Clavo más profundo mi elemento, llegando a tocar con mis bolas su culo.
—Mierda, vas a perforarme el útero. Pero sigue. ¡No te detengas o te corto la polla!
Saco ante su amenaza lo que tanto quiere y me deleito con su molestia al lanzarme llamaradas desde sus orbes.
Vuelvo a embestir con más violencia, haciéndola sacudirse hacia arriba, golpeando su cabeza en el cabezal acolchado de la cama.
No le importa, porque vuelve a cerrar los ojos y a decir vulgaridades mientras entro y salgo enajenado de su coño chorreante.
Voy cada vez más rápido, más profundo. Hago círculos con mi pelvis que la hacen lloriquear entre gritos.
Nuestros cuerpos están húmedos, nuestros jadeos aumentan y el choque de nuestras pelvis suena fabuloso entre las paredes de la habitación.
Mis cabellos han vuelto a ser un desastre, cayendo sobre mi frente y pegándose a la piel transpirada. Gotas caen sobre Madison, que está igual que yo tras extensos minutos de salvajes embistes.
Bajo hasta pegarme a su cuerpo y nos embadurnamos en nuestro sudor. Nos frotamos.
Ella muerde mi cuello, y yo hago lo mismo, avanzando hasta el límite de su entidad.
—PU.TA MA.DRE. Sí, sí... más... ¡Quiero más! ¡Dame más rápido Steve Sharpe!
Decido obedecer.
Con una pequeña alteración.
Me alejo levemente de ella para tomar su pierna derecha y colgarla de mi hombro izquierdo. Ahora sé que me siente más profundamente.
Mi ego se inflama una vez más cuando abre los ojos, dejándolos en blanco ante el cambio de ángulo. Lo está disfrutando.
Las embestidas son frenéticas. Entro y salgo, apretando su muslo elevado.
En mi vientre comienza a formarse mi orgasmo y puedo sentir lo mismo en ella.
Acelero, dando todo lo que me queda al ver la línea de meta tan cerca.
Presiono los músculos de mi culo al encorvarme y penetrarla todavía más.
Cuatro empujes más y mi chorro sale expulsado acompañado de un rugido agónico.
Soy ordeñado con fuerza descomunal por los músculos vaginales. Me aprieta y eso me provoca a dar dos estocadas más. Lentas y perezosas, dejando todo en el condón.
Siento sus paredes internas palpitar contra mí.
Me dejo ir. Por completo.
Libero su pierna que cae pesada y me deslizo a su lado.

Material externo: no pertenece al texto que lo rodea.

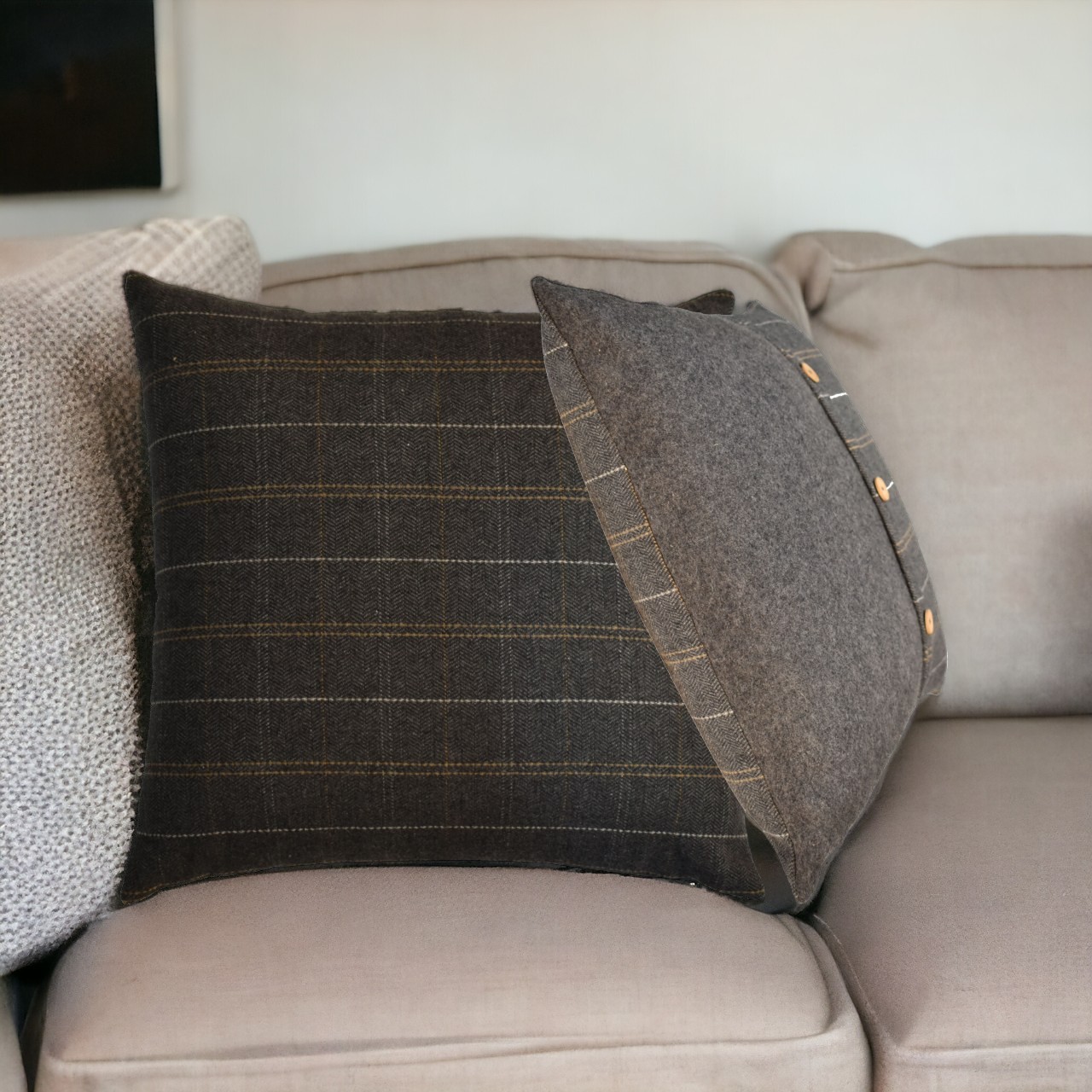 Indulge in the luxurious embrace of the Quinn Half Pewter Cushions, your newest home adornment that infuses a dash of classic charm into any space. Renowned for adding layers of comfort and elegance, these cushions elevate your living experience, making every room look and feel more inviting and warm. Perfectly suited for your designer seating or bedding area, these pewter-hued tweed pillows serve as versatile accessories that blend seamlessly with a range of complementary colors and decor styles.
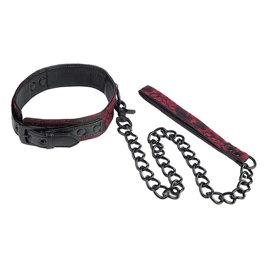 Prenez le contrôle ou abandonnez-vous avec le collier Scandal avec laisse, conçu pour une domination élégante et une soumission palpitante. Ce collier double face offre un confort moelleux à lintérieur et un séduisant brocart rouge et noir à lextérieur. La laisse en chaîne métallique amovible invite à des interactions ludiques et créatives avec dautres équipements.
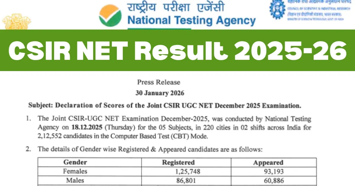 The National Testing Agency has officially announced the CSIR UGC NET December 2025 results, bringing relief and clarity to more than 1.54 lakh candidates who appeared for one of India’s most competitive national-level eligibility examinations. The results mark a crucial milestone for aspirants aiming for Junior Research Fellowship and Lectureship or Assistant Professor roles in science and technology disciplines. With scorecards now available on the official website, candidates can finally assess their performance and plan their academic or research careers accordingly.

—Regresaré a la universidad —declaro al regresar a la cama tras unos minutos en que aprovecho para limpiarme y desechar el látex cargado.
Quedamos separados bajo las sábanas.
Toda intimidad desapareció entre nosotros. Se percibe como haber terminado el último capítulo de un libro.
Un cierre.
—Eso es bueno. Y algún día, retomarás tus sueños.

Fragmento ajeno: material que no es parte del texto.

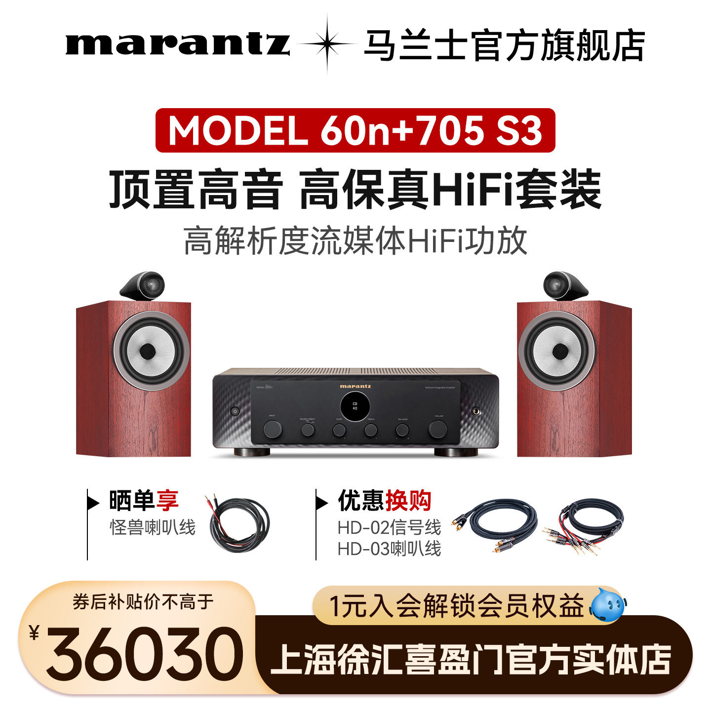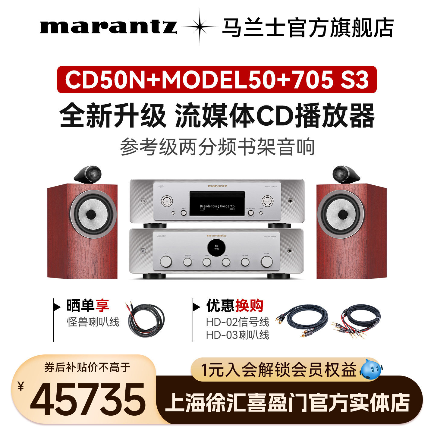 BW宝华韦健705S3无源音箱HiFi书架箱+马兰士网络蓝牙功放音响套装
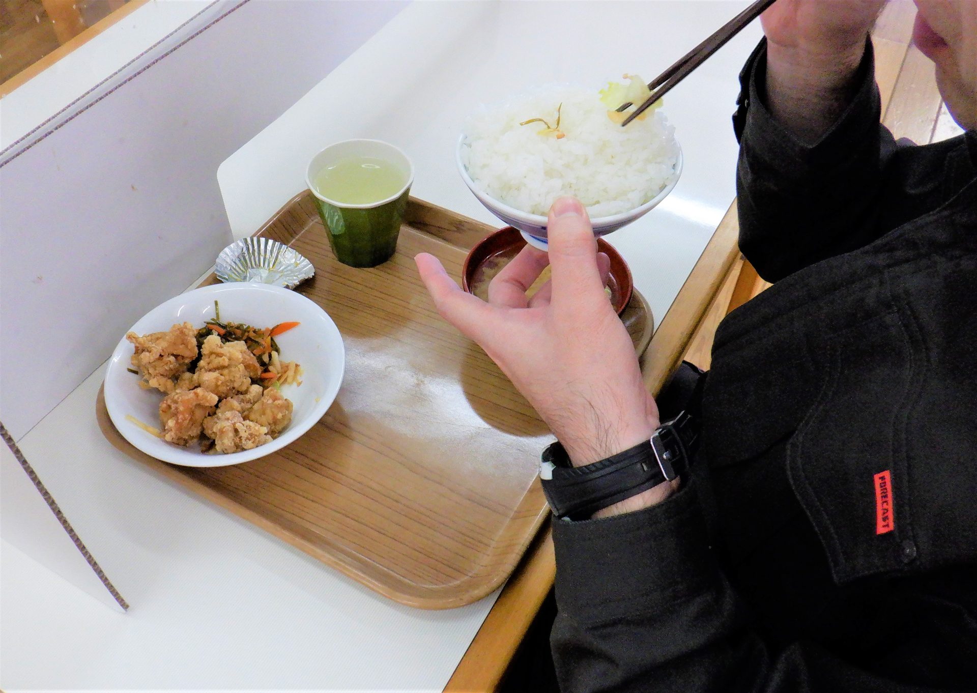 - 「こちらはから揚げ乗っけてる?」
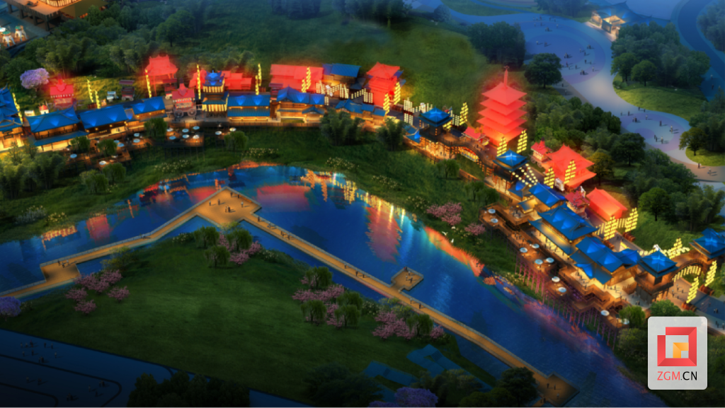 《盐街灯市》能使游客身临其境感受唐朝文化,它将是一座栉比鳞次的大唐宫房群落与现代结构派灯雕楼宇相融合的唐梦街景。在蜿蜒的《梦幻河湾》边上,一幅幽幽古风的画卷在这里展开。以掌灯报时“十二时辰”为设计理念,每个时辰对应一盏灯,在各个建筑之间,营造出灯火辉煌、如梦如幻的繁华街景。
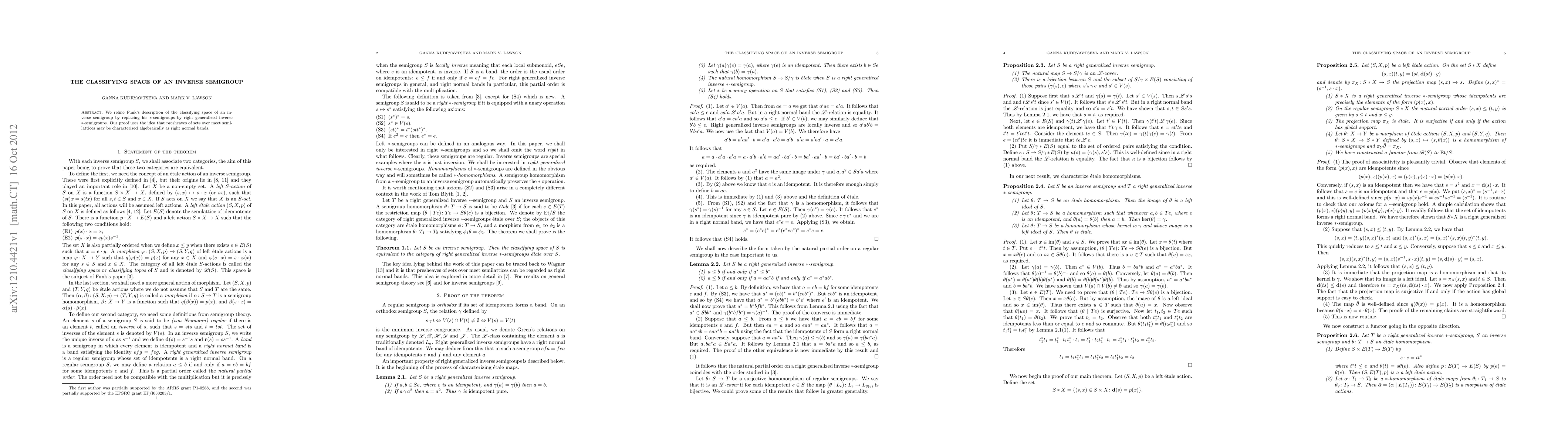 This paper refines Funk's description of the classifying space of an inverse semigroup using right generalized inverse *-semigroups, providing a new algebraic characterization of presheaves over meet semilattices.
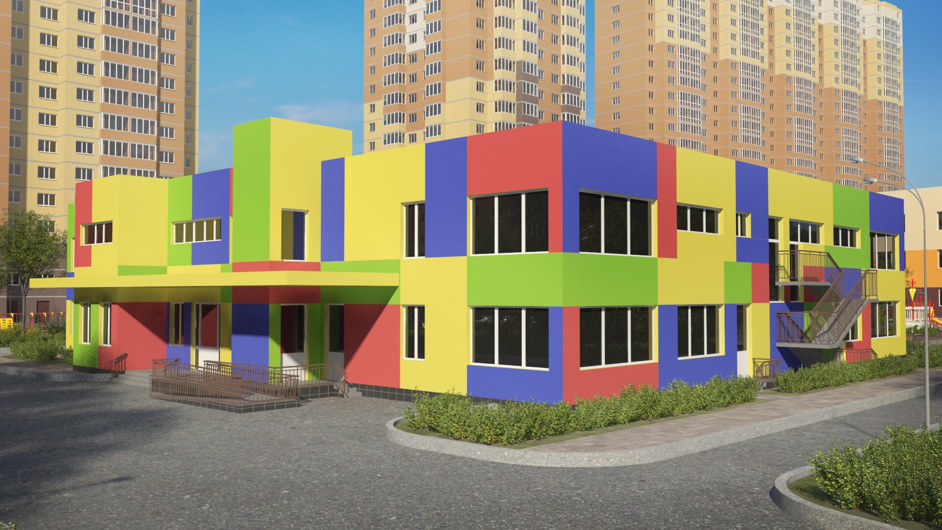 По садику, под изначальным названием "Мозаика"... Фасад будет полностью переделан. Новый проект практически готов. Могу представить визуализацию.

—No. Eso murió para mí. Cumpliré con mi meta de finalizar mis estudios, pero mi camino está trazado hacia otra dirección.
Se sienta, empuñando la tela contra su pecho. Está enfadada.

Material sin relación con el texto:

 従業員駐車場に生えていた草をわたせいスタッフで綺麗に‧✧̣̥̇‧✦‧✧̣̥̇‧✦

Como no tengo ganas de un enfrentamiento, me siento dándole la espalda y apoyando mis pies en el suelo alfombrado.
—¿Qué mierda es esa? ¡Tú puedes elegir!
—No. ¡No lo entiendes! —A la mierda mi calma. Me pongo de pie y me volteo para verla con el cabello revuelto y la piel que queda expuesta mostrando rastros rojos de mi necesidad sobre ella. Su expresión es de sorpresa y decepción. Otra vez le grito en menos de veinticuatro horas, cuando nunca antes lo había hecho—. ¡Alguien más eligió por mí al quitarme a mis padres! Mi madre murió y mi padre, además de perder al amor de su vida, no podrá estar nunca más a cargo de su adorada empresa. La responsabilidad recae en mí.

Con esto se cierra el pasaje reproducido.